Data extracted from a collection:
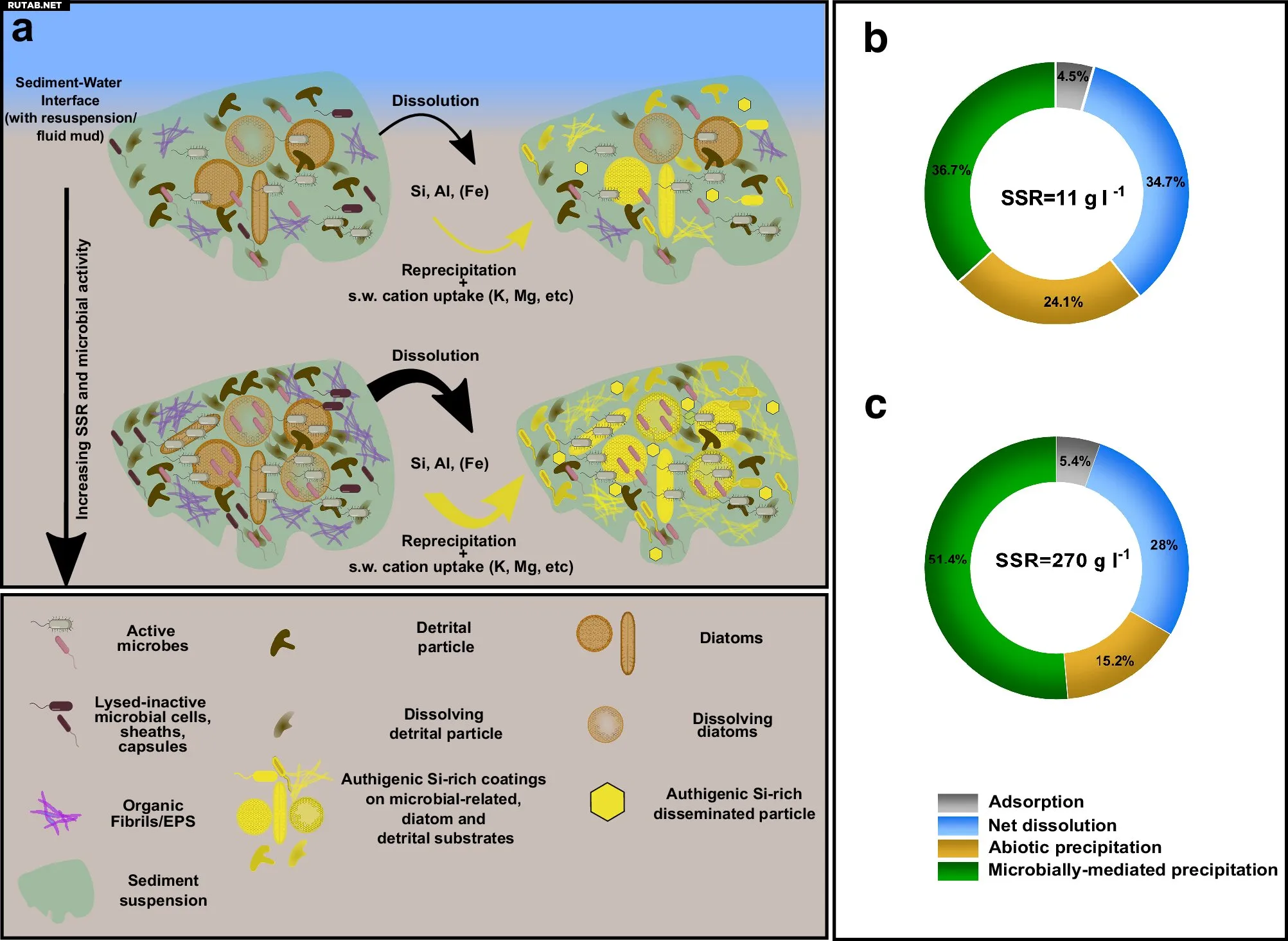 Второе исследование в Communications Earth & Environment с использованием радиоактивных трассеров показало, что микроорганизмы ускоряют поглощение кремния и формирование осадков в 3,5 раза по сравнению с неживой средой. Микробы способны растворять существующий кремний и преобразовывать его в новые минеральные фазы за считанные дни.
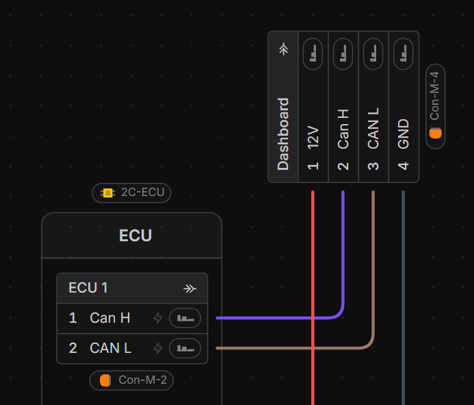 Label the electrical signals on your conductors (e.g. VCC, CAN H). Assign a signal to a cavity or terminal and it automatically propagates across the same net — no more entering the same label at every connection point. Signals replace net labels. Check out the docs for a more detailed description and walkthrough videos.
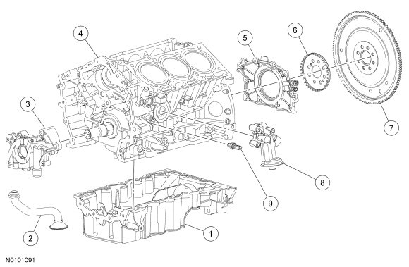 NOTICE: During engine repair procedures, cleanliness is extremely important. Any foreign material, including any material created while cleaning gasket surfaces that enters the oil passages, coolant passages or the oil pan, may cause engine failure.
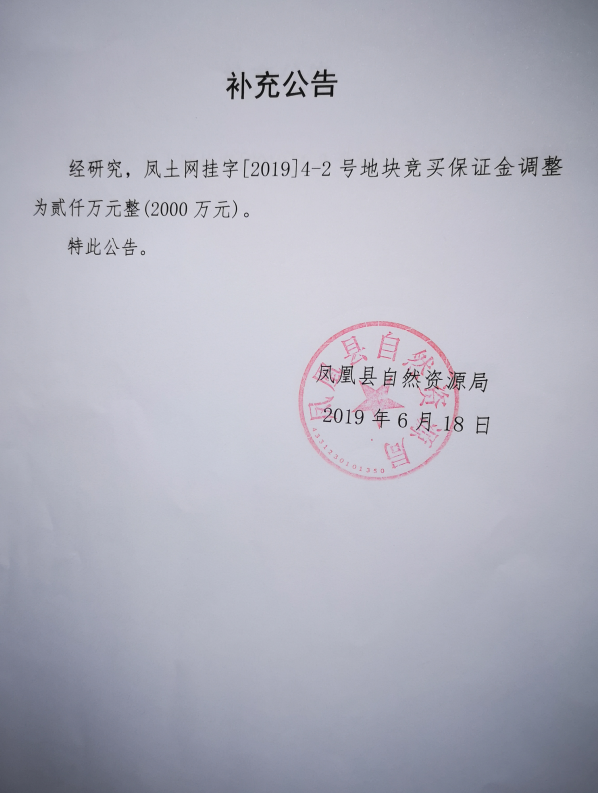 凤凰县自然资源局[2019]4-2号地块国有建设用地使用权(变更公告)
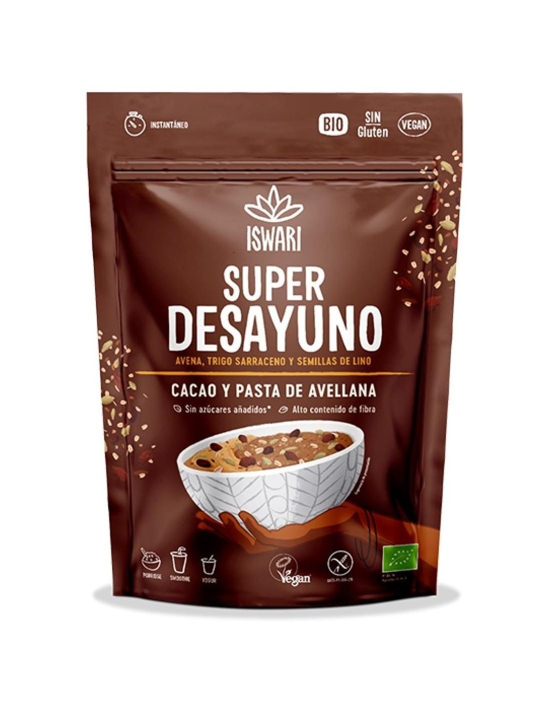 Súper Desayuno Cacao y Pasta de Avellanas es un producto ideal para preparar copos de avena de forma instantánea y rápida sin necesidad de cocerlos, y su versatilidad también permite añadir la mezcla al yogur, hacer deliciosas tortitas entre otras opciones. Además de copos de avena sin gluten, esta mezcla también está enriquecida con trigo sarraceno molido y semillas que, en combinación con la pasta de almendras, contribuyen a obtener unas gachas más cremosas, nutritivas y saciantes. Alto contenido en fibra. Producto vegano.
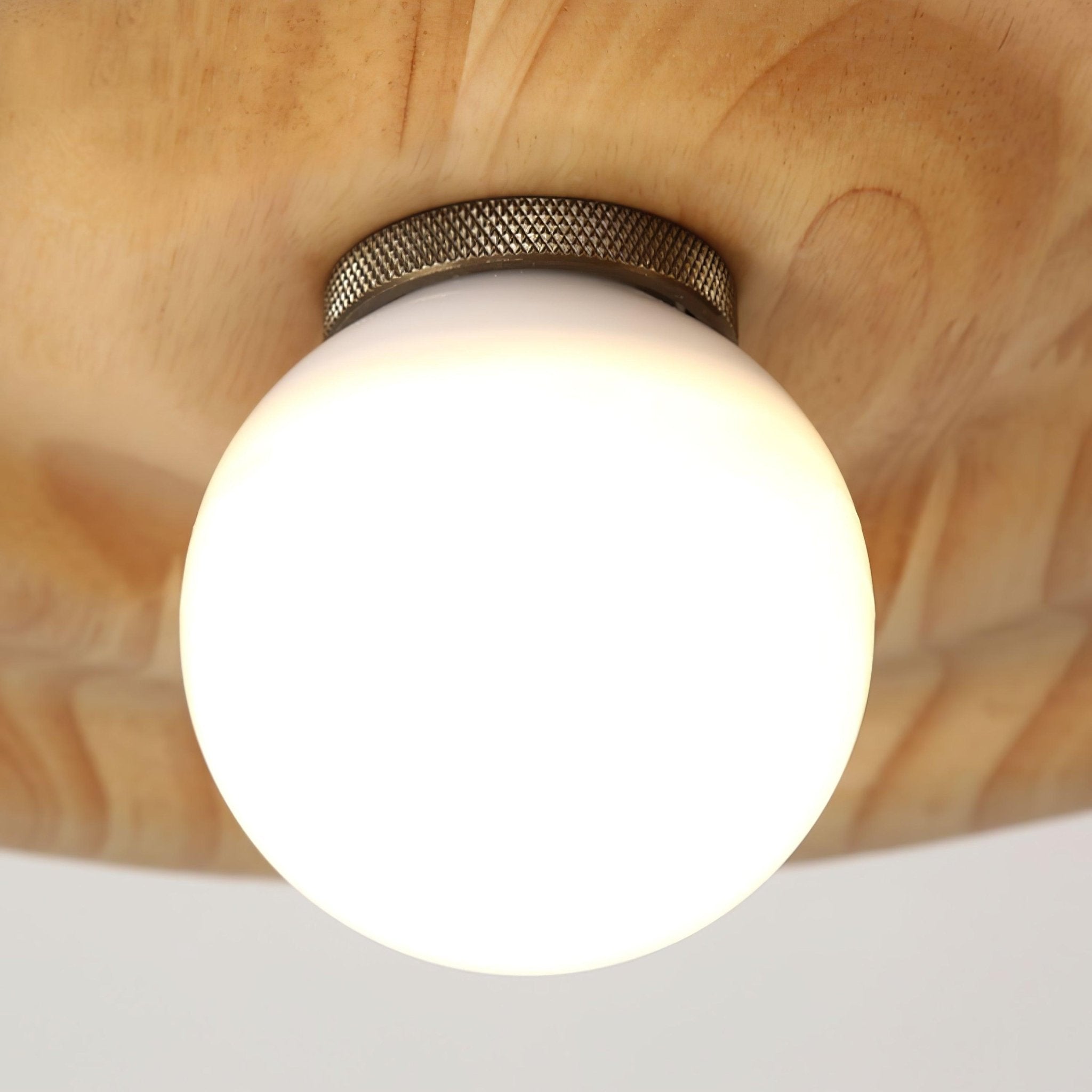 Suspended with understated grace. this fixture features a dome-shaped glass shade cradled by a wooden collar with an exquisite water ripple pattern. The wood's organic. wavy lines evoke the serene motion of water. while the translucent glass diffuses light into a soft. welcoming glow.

YOUR OBJECTIVE — Output exactly the lines above, from the line with "Label the electrical" to the line with "Súper Desayuno Cacao", both included; skip the pictures.

EXPECTED ANSWER —
 Label the electrical signals on your conductors (e.g. VCC, CAN H). Assign a signal to a cavity or terminal and it automatically propagates across the same net — no more entering the same label at every connection point. Signals replace net labels. Check out the docs for a more detailed description and walkthrough videos.
 NOTICE: During engine repair procedures, cleanliness is extremely important. Any foreign material, including any material created while cleaning gasket surfaces that enters the oil passages, coolant passages or the oil pan, may cause engine failure.
 凤凰县自然资源局[2019]4-2号地块国有建设用地使用权(变更公告)
 Súper Desayuno Cacao y Pasta de Avellanas es un producto ideal para preparar copos de avena de forma instantánea y rápida sin necesidad de cocerlos, y su versatilidad también permite añadir la mezcla al yogur, hacer deliciosas tortitas entre otras opciones. Además de copos de avena sin gluten, esta mezcla también está enriquecida con trigo sarraceno molido y semillas que, en combinación con la pasta de almendras, contribuyen a obtener unas gachas más cremosas, nutritivas y saciantes. Alto contenido en fibra. Producto vegano.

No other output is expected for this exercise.